Work item ->
The answer must consist solely of the lines from the opening line of the entries through the line with "Het perceel waarop", transcribed exactly and without any pictures.
START Supplied data
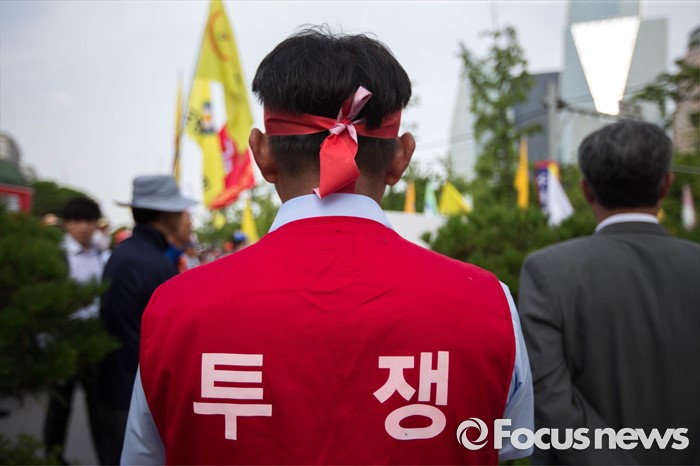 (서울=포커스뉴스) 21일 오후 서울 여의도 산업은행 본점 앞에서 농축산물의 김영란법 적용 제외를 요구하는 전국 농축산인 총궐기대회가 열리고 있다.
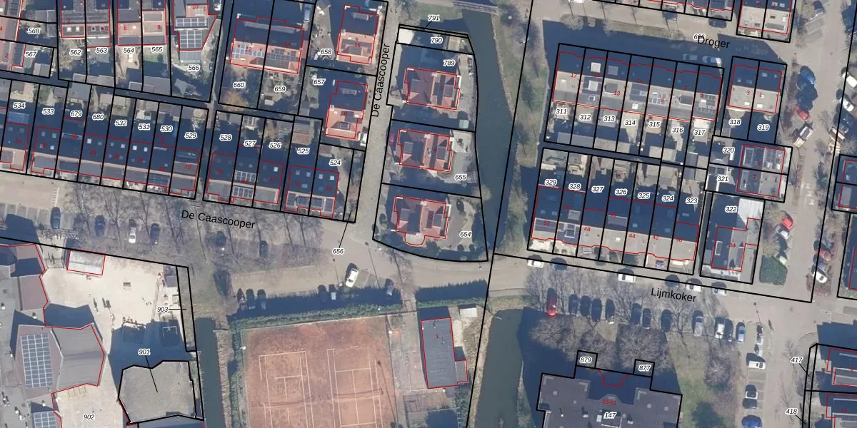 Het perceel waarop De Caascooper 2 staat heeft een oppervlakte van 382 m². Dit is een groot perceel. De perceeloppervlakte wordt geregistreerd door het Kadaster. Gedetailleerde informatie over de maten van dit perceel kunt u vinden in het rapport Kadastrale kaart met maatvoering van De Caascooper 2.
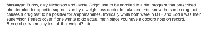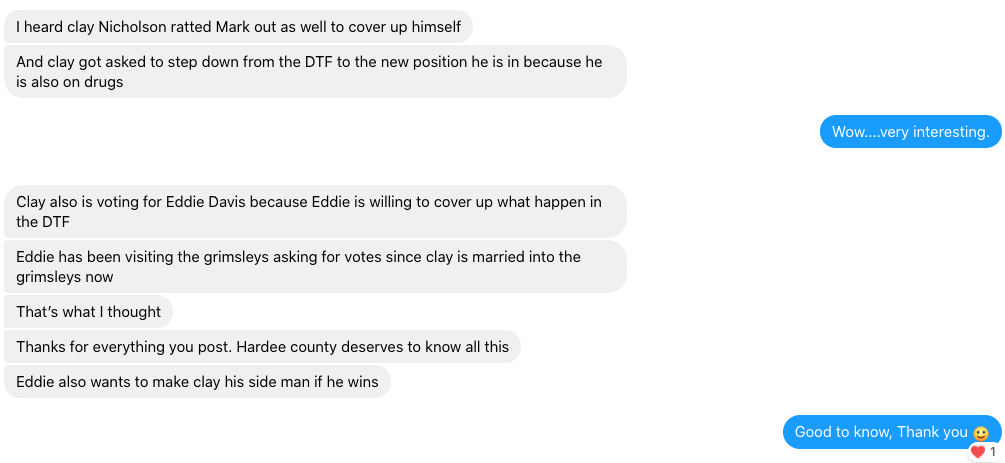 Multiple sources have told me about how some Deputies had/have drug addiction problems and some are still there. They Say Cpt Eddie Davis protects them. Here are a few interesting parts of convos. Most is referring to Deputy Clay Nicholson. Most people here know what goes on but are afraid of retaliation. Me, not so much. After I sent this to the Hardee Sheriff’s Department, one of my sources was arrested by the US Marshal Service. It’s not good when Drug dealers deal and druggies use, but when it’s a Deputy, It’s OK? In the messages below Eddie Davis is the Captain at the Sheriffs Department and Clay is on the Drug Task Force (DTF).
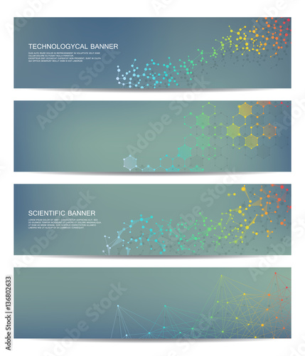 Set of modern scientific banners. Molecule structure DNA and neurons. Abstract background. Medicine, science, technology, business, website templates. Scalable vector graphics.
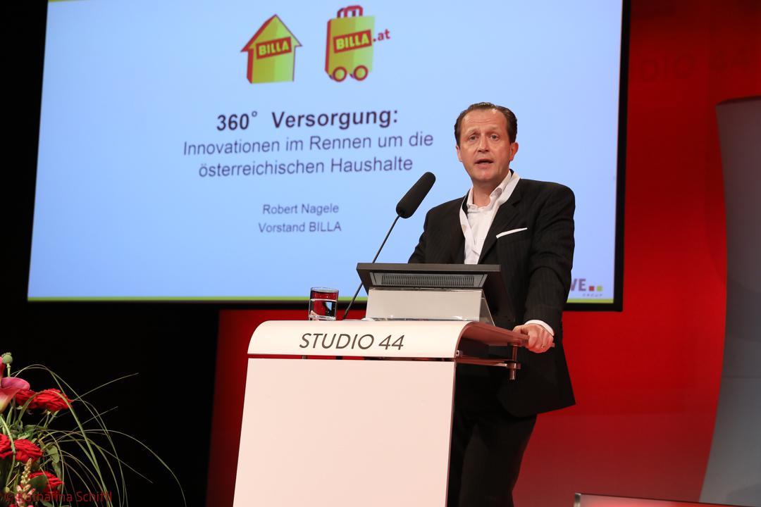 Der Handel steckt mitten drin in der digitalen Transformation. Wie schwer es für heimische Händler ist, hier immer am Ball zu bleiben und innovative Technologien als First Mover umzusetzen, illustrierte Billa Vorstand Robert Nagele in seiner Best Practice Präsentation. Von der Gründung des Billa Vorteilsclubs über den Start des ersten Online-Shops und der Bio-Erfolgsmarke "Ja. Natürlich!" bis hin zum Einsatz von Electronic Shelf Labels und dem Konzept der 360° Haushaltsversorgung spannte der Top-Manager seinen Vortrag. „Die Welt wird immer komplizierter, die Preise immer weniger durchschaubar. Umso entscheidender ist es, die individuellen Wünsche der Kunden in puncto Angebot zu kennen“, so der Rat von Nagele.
END Supplied data
Exercise solution ->
 (서울=포커스뉴스) 21일 오후 서울 여의도 산업은행 본점 앞에서 농축산물의 김영란법 적용 제외를 요구하는 전국 농축산인 총궐기대회가 열리고 있다.
 Het perceel waarop De Caascooper 2 staat heeft een oppervlakte van 382 m². Dit is een groot perceel. De perceeloppervlakte wordt geregistreerd door het Kadaster. Gedetailleerde informatie over de maten van dit perceel kunt u vinden in het rapport Kadastrale kaart met maatvoering van De Caascooper 2.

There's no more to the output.